A machine-rendered reading of the paper's core claim, the machinery that carries it, and where it could break.
Core claim
Given computational facts about an AI system, radical interpretation solves for its beliefs, desires, and meanings by treating the system as a rational agent. Criteria are proposed for representationalist and interpretationist approaches and tied to tests current mechanistic interpretability tools can carry out. The key claim is that these attributions cannot be made piecemeal: beliefs, desires, and propositional structure are jointly constrained, so a method that fixes one while measuring the others inherits whatever distortions that introduces; the holism is pressing when the system does not share the interpreter's concepts, but it also provides leverage because the system's attitudes cons
What carries the argument
Radical interpretation applied to AI, which solves for an agent's beliefs and desires from computational and behavioral facts under rationality assumptions while enforcing joint constraints across attitudes and propositional structure.
If this is right
- Interpretability methods must be evaluated against criteria that check the entire system of attitudes together rather than isolating individual beliefs or desires.
- Any approach that measures one attitude while holding others fixed will carry over distortions from the fixed components into the measured ones.
- A system's attitudes and its propositional structure mutually constrain each other, allowing mechanistic measurements of either to narrow the possibilities for the other.
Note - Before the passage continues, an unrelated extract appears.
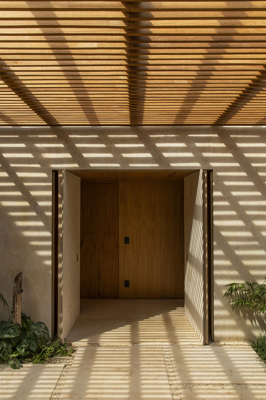 它是一座純粹的極簡建筑,可自然開啟的旋轉(zhuǎn)門,構(gòu)成建筑中最重要的開敞元素,也創(chuàng)造出朦朧的建筑藝術(shù)。在“大地色”的基調(diào)下,融合了木材等溫潤、天然石材的粗獷與質(zhì)樸,混凝土的莊嚴,野性十足的景觀設(shè)計等元素,營造建筑與自然的和諧美。

- When an AI may not share the interpreter's concepts, the joint constraints still limit which overall assignments remain consistent with the observed computational facts.
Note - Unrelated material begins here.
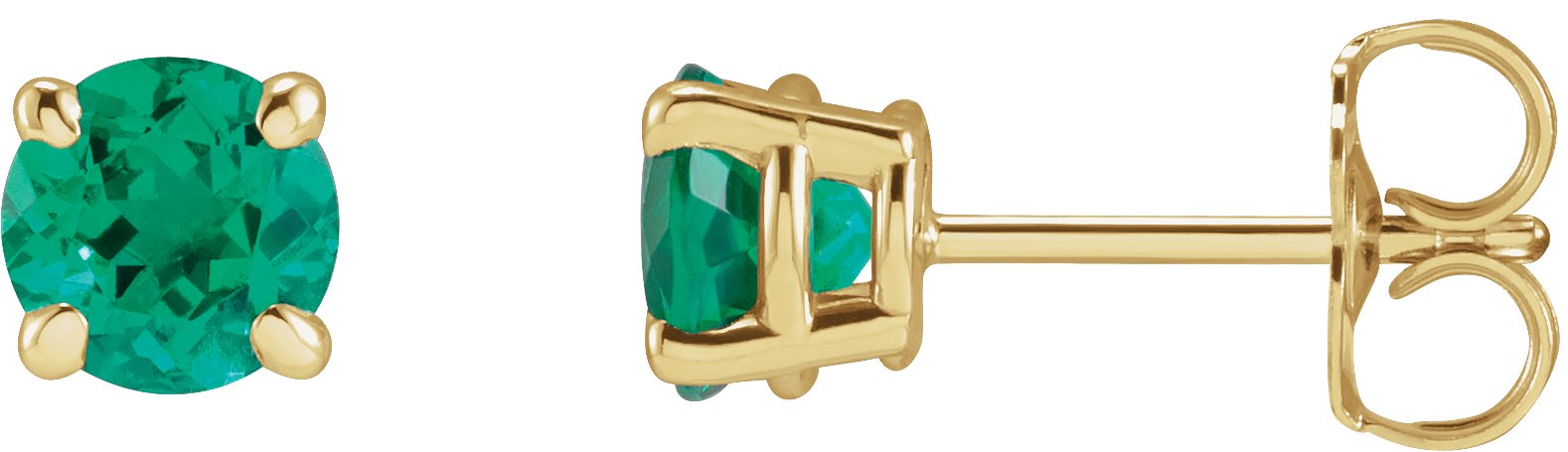 2000243 / 14K Yellow / Set / Round / Lab-Grown Emerald / Pair / 5 Mm / Friction / Friction Backs Included / 4-Prong / Polished / Lab-Grown Emerald 4-Claw Prong Basket Earrings

Where Pith is reading between the lines
- The proposed criteria could be used to design new tests that check whether existing tools produce attributions consistent across multiple attitudes at once.
- The framework suggests prioritizing development of interpretability techniques that measure consistency between attributed beliefs, desires, and structure rather than accuracy on isolated tasks.
- Safety evaluations might incorporate checks for whether a system's behavior remains stable under small changes to one attributed attitude while holding the holistic constraints fixed.
Load-bearing premise
The philosophical tradition of radical interpretation can be applied directly to AI systems to determine their beliefs and desires from internal computational states, with mechanistic interpretability tools supplying the necessary measurements.
What would settle it
An experiment in which a piecemeal attribution produced by current interpretability tools accurately predicts an AI system's behavior in a novel scenario that a holistic joint-constraint check would predict differently.
read the original abstract
We develop a framework for interpreting AI systems as agents, drawing on the philosophical tradition of radical interpretation and the tools of mechanistic interpretability. The core question is: given the computational facts about a system, how do we solve for its beliefs, desires, and meanings? This matters increasingly for safety. We want to be able to trust the systems we deploy, whether by understanding their goals or, more modestly, by reliably detecting deception. Interpretability researchers are building tools to read beliefs and desires off a model's internals, but there is no settled account of when such a tool has succeeded. This book supplies one. We propose criteria on both representationalist and interpretationist approaches, and tie each to tests current interpretability methods can carry out. A central lesson is that these attributions cannot be made piecemeal. Beliefs, desires, and the propositional structure they presuppose are jointly constrained, and a method that fixes one while measuring the others inherits whatever distortions that introduces. This holism becomes pressing for AI systems, which may not share the interpreter's concepts. However, it also provides leverage: a system's attitudes constrain its propositional structure, that structure constrains which attitudes can be attributed, and mechanistic interpretability can help us measure both.
Editorial analysis
A structured set of objections, weighed in public.
Referee Report
Summary. The manuscript develops a conceptual framework for attributing beliefs, desires, and meanings to AI systems by integrating the philosophical tradition of radical interpretation with tools from mechanistic interpretability. It proposes criteria applicable to both representationalist and interpretationist approaches, links these criteria to tests performable by existing interpretability methods, and argues that such attributions must be holistic: beliefs, desires, and the propositional structures they presuppose are jointly constrained rather than attributable piecemeal. The framework is motivated by AI safety concerns, particularly the need to detect deception or understand goals from computational facts alone.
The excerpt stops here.